→ SOURCE MATERIAL
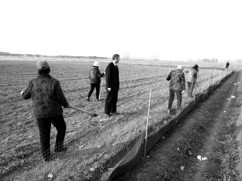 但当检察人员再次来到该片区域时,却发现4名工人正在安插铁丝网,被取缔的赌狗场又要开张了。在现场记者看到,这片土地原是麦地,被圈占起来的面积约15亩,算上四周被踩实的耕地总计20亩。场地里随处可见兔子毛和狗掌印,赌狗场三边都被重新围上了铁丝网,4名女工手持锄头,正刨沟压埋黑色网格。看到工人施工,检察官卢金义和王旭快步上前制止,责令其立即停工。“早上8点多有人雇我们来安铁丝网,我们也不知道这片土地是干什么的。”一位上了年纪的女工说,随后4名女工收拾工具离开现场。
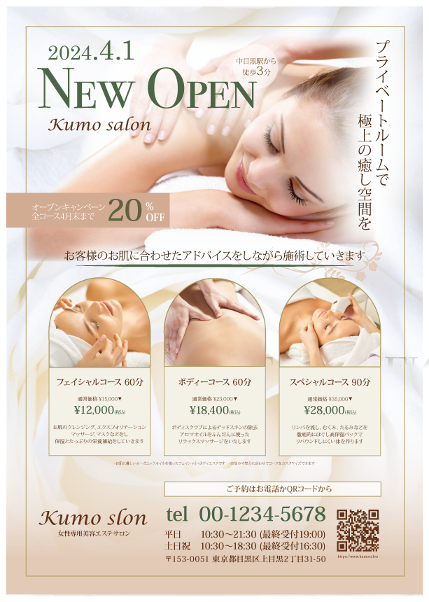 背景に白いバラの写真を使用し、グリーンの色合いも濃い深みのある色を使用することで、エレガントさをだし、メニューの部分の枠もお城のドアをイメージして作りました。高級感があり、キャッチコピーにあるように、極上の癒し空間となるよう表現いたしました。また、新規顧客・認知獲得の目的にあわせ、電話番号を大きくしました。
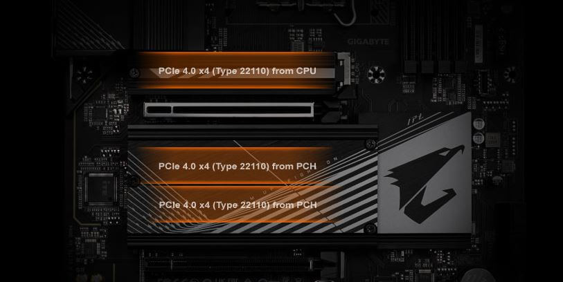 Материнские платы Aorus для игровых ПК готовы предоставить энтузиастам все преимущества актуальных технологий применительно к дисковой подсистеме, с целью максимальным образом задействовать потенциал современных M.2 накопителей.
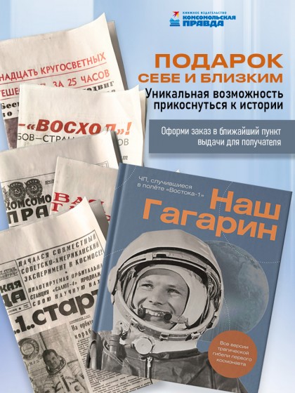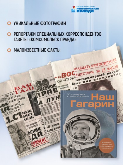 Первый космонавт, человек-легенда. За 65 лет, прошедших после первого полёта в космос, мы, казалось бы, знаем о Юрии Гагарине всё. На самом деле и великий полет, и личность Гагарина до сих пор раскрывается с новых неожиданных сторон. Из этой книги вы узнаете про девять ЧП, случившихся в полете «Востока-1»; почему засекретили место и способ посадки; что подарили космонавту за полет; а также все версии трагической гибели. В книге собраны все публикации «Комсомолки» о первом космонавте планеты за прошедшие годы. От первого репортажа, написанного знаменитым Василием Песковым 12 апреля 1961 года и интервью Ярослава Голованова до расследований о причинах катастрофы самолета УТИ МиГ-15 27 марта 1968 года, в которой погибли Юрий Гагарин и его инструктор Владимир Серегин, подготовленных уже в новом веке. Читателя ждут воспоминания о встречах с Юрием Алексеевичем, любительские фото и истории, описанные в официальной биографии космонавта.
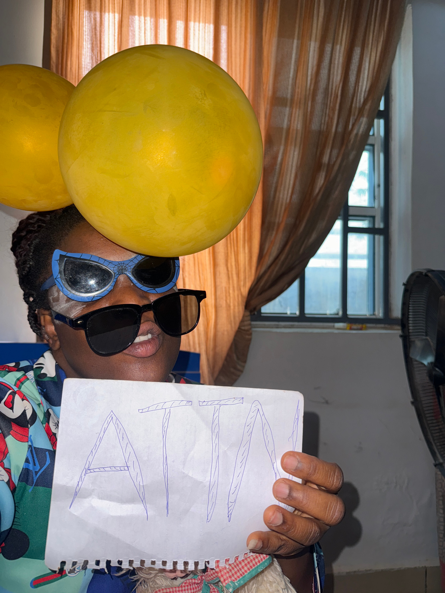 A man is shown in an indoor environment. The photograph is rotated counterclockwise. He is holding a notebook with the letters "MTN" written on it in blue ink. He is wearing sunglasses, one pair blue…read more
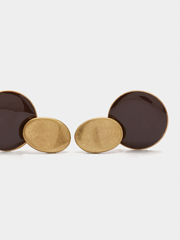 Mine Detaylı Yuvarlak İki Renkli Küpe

→ WHAT YOU SHOULD DO
Once the pictures are set aside, reproduce the records in full and exactly.

→ FINAL ANSWER
 但当检察人员再次来到该片区域时,却发现4名工人正在安插铁丝网,被取缔的赌狗场又要开张了。在现场记者看到,这片土地原是麦地,被圈占起来的面积约15亩,算上四周被踩实的耕地总计20亩。场地里随处可见兔子毛和狗掌印,赌狗场三边都被重新围上了铁丝网,4名女工手持锄头,正刨沟压埋黑色网格。看到工人施工,检察官卢金义和王旭快步上前制止,责令其立即停工。“早上8点多有人雇我们来安铁丝网,我们也不知道这片土地是干什么的。”一位上了年纪的女工说,随后4名女工收拾工具离开现场。
 背景に白いバラの写真を使用し、グリーンの色合いも濃い深みのある色を使用することで、エレガントさをだし、メニューの部分の枠もお城のドアをイメージして作りました。高級感があり、キャッチコピーにあるように、極上の癒し空間となるよう表現いたしました。また、新規顧客・認知獲得の目的にあわせ、電話番号を大きくしました。
 Материнские платы Aorus для игровых ПК готовы предоставить энтузиастам все преимущества актуальных технологий применительно к дисковой подсистеме, с целью максимальным образом задействовать потенциал современных M.2 накопителей.
 Первый космонавт, человек-легенда. За 65 лет, прошедших после первого полёта в космос, мы, казалось бы, знаем о Юрии Гагарине всё. На самом деле и великий полет, и личность Гагарина до сих пор раскрывается с новых неожиданных сторон. Из этой книги вы узнаете про девять ЧП, случившихся в полете «Востока-1»; почему засекретили место и способ посадки; что подарили космонавту за полет; а также все версии трагической гибели. В книге собраны все публикации «Комсомолки» о первом космонавте планеты за прошедшие годы. От первого репортажа, написанного знаменитым Василием Песковым 12 апреля 1961 года и интервью Ярослава Голованова до расследований о причинах катастрофы самолета УТИ МиГ-15 27 марта 1968 года, в которой погибли Юрий Гагарин и его инструктор Владимир Серегин, подготовленных уже в новом веке. Читателя ждут воспоминания о встречах с Юрием Алексеевичем, любительские фото и истории, описанные в официальной биографии космонавта.
 A man is shown in an indoor environment. The photograph is rotated counterclockwise. He is holding a notebook with the letters "MTN" written on it in blue ink. He is wearing sunglasses, one pair blue…read more
 Mine Detaylı Yuvarlak İki Renkli Küpe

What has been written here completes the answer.